_WHAT TO DO_:
Among the lines below, a stretch begins at the one with "Grivelin monopoint -raudat" and ends at the one with "可以看到,在AR4上對于學習". Repeat that stretch exactly, ends included.

_SUPPLIED MATERIAL_:
****

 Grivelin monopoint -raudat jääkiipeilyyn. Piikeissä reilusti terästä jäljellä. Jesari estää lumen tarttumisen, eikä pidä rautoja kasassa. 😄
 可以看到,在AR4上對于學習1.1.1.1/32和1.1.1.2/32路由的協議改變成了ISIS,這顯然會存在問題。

****

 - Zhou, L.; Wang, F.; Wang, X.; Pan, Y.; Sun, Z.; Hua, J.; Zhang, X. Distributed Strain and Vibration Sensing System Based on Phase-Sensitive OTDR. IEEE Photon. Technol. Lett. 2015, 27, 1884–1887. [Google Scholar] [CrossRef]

****

_RESULT OF THE TASK_:
 Grivelin monopoint -raudat jääkiipeilyyn. Piikeissä reilusti terästä jäljellä. Jesari estää lumen tarttumisen, eikä pidä rautoja kasassa. 😄
 可以看到,在AR4上對于學習1.1.1.1/32和1.1.1.2/32路由的協議改變成了ISIS,這顯然會存在問題。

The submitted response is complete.